Records follow. Print exactly the lines from the one that has "Uma proposta simples" through the one that has "お楽しみください! ※お陰様で終了しました、来場下さいました方有り難うございました。 |", inclusive, and omit the pictures.

GIVEN RECORDS:
== == ==
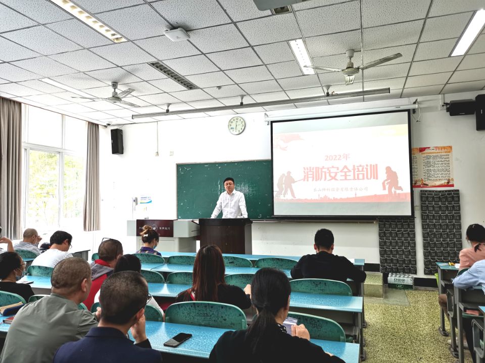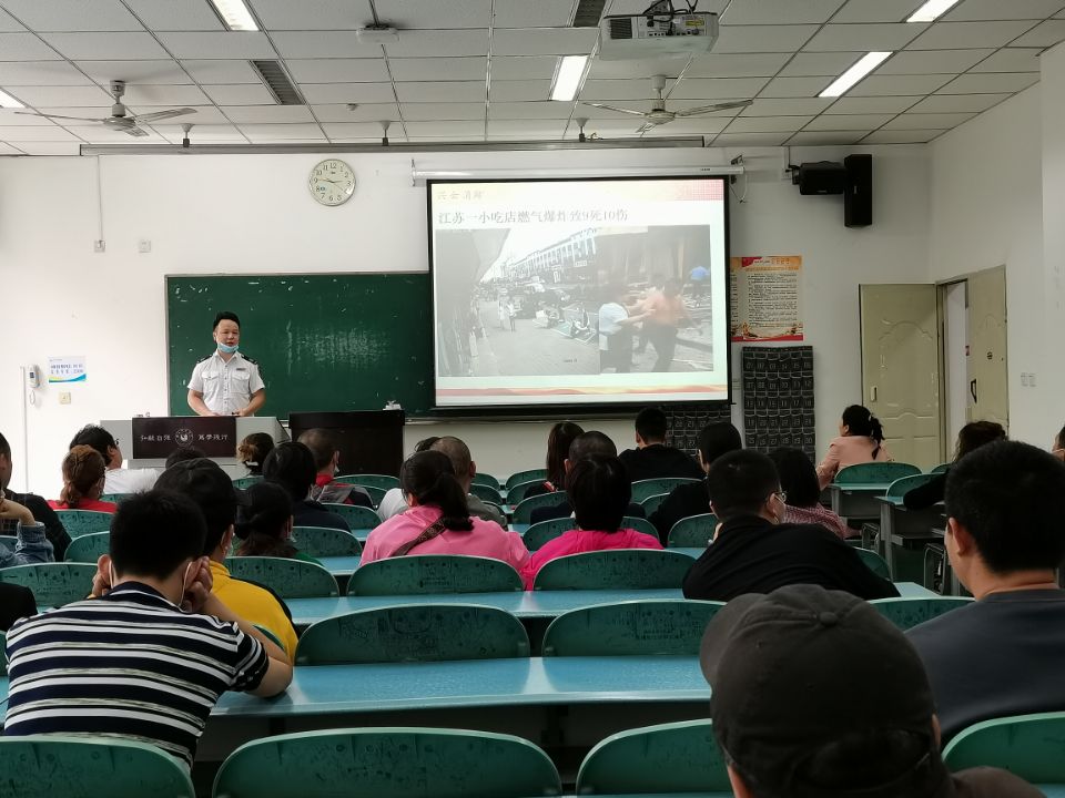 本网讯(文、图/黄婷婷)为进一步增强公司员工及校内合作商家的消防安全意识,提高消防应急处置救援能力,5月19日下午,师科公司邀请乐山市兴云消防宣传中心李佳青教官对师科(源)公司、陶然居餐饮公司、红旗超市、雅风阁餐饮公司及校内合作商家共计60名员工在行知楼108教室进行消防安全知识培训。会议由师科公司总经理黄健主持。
== == ==
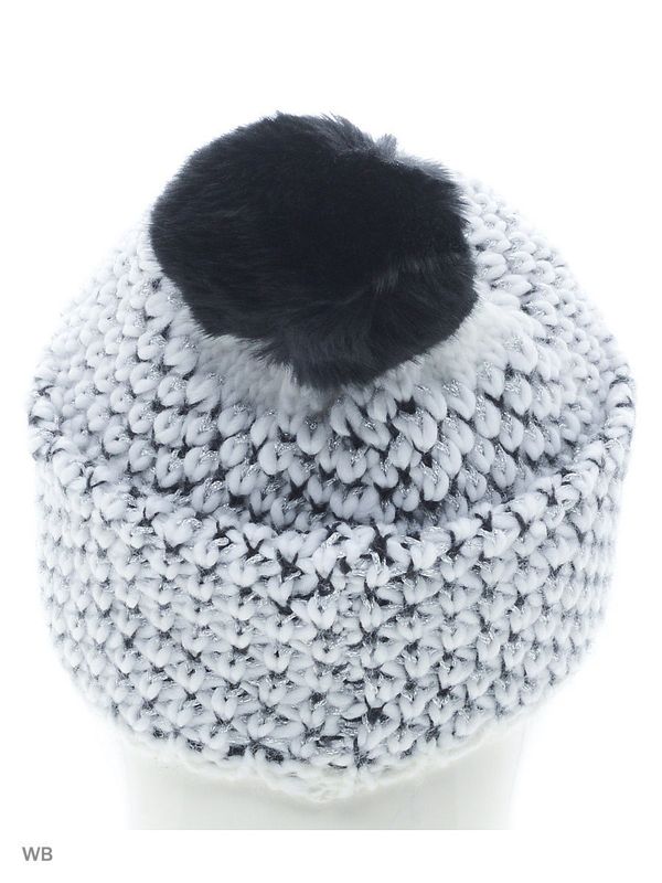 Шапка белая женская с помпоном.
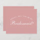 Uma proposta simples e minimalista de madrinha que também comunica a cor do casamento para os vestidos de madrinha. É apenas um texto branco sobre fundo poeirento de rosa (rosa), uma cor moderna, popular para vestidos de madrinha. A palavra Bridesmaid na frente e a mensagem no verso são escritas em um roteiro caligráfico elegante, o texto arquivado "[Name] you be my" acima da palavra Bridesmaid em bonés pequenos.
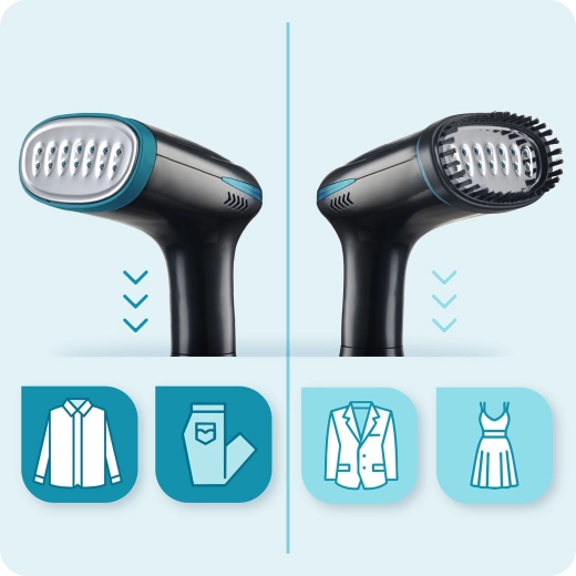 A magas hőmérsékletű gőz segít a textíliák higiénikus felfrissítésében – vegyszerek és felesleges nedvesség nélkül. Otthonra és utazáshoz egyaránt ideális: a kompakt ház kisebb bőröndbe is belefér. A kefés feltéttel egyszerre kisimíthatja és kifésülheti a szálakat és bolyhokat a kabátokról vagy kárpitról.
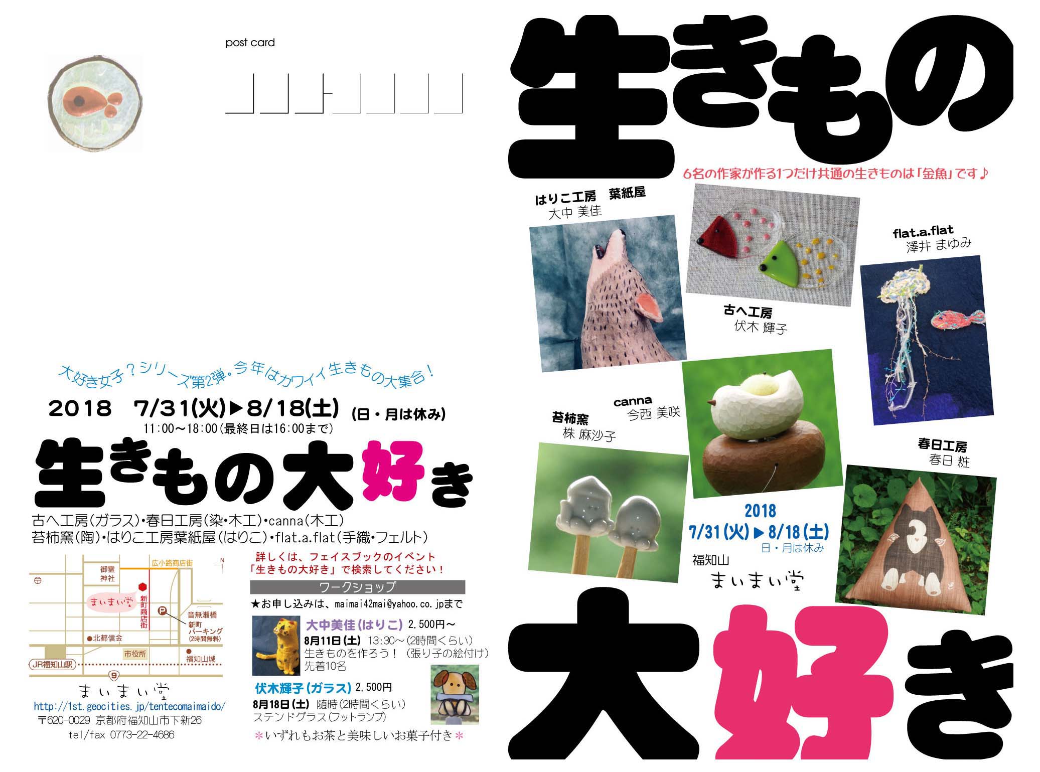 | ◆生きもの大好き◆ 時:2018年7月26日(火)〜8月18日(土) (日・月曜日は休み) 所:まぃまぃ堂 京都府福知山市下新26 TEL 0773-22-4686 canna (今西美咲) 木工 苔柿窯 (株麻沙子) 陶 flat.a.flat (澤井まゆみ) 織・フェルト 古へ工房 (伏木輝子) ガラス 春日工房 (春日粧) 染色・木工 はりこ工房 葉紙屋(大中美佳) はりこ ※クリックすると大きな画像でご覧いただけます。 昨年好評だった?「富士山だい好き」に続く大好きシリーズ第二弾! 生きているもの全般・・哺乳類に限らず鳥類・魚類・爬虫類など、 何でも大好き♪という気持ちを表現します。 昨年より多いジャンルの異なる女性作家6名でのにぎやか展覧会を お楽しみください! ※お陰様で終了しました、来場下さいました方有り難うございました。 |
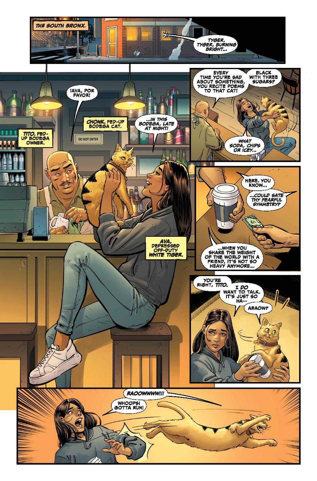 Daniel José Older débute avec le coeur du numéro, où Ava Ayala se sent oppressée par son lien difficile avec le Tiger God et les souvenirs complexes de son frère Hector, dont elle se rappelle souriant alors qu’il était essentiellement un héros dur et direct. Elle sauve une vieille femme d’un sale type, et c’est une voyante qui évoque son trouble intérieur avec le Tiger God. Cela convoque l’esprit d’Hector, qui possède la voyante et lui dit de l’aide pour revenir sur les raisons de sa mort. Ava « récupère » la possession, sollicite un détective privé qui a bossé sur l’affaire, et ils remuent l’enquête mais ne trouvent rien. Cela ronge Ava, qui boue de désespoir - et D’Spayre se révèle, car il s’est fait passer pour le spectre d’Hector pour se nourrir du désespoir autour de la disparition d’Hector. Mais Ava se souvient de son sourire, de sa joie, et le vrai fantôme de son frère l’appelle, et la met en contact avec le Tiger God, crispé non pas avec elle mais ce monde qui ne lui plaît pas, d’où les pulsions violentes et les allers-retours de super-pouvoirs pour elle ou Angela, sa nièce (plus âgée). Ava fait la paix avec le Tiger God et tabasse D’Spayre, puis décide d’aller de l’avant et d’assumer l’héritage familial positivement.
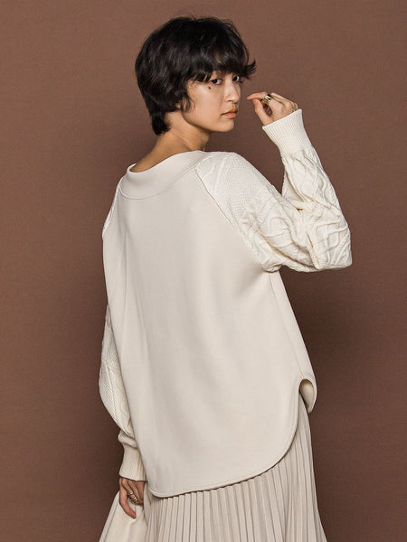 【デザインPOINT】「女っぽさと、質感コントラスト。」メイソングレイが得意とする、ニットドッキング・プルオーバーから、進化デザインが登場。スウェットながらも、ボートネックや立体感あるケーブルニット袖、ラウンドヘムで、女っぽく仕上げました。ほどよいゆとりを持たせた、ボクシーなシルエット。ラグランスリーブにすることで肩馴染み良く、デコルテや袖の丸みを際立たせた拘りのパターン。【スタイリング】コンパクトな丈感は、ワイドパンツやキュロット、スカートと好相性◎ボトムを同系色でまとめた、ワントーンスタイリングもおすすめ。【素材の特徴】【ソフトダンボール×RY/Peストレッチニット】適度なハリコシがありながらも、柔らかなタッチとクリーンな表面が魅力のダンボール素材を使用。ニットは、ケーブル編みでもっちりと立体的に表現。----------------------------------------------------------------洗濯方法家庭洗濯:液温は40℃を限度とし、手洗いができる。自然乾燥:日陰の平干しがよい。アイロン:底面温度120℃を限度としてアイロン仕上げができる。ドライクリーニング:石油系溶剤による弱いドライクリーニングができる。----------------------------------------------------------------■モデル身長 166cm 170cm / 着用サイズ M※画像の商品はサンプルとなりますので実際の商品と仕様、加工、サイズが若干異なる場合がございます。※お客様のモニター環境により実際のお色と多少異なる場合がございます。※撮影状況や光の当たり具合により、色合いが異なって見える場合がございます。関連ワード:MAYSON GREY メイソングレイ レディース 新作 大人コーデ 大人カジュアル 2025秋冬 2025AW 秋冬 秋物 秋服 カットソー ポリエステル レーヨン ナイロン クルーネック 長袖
== == ==
TASK OUTPUT:
 Uma proposta simples e minimalista de madrinha que também comunica a cor do casamento para os vestidos de madrinha. É apenas um texto branco sobre fundo poeirento de rosa (rosa), uma cor moderna, popular para vestidos de madrinha. A palavra Bridesmaid na frente e a mensagem no verso são escritas em um roteiro caligráfico elegante, o texto arquivado "[Name] you be my" acima da palavra Bridesmaid em bonés pequenos.
 A magas hőmérsékletű gőz segít a textíliák higiénikus felfrissítésében – vegyszerek és felesleges nedvesség nélkül. Otthonra és utazáshoz egyaránt ideális: a kompakt ház kisebb bőröndbe is belefér. A kefés feltéttel egyszerre kisimíthatja és kifésülheti a szálakat és bolyhokat a kabátokról vagy kárpitról.
 | ◆生きもの大好き◆ 時:2018年7月26日(火)〜8月18日(土) (日・月曜日は休み) 所:まぃまぃ堂 京都府福知山市下新26 TEL 0773-22-4686 canna (今西美咲) 木工 苔柿窯 (株麻沙子) 陶 flat.a.flat (澤井まゆみ) 織・フェルト 古へ工房 (伏木輝子) ガラス 春日工房 (春日粧) 染色・木工 はりこ工房 葉紙屋(大中美佳) はりこ ※クリックすると大きな画像でご覧いただけます。 昨年好評だった?「富士山だい好き」に続く大好きシリーズ第二弾! 生きているもの全般・・哺乳類に限らず鳥類・魚類・爬虫類など、 何でも大好き♪という気持ちを表現します。 昨年より多いジャンルの異なる女性作家6名でのにぎやか展覧会を お楽しみください! ※お陰様で終了しました、来場下さいました方有り難うございました。 |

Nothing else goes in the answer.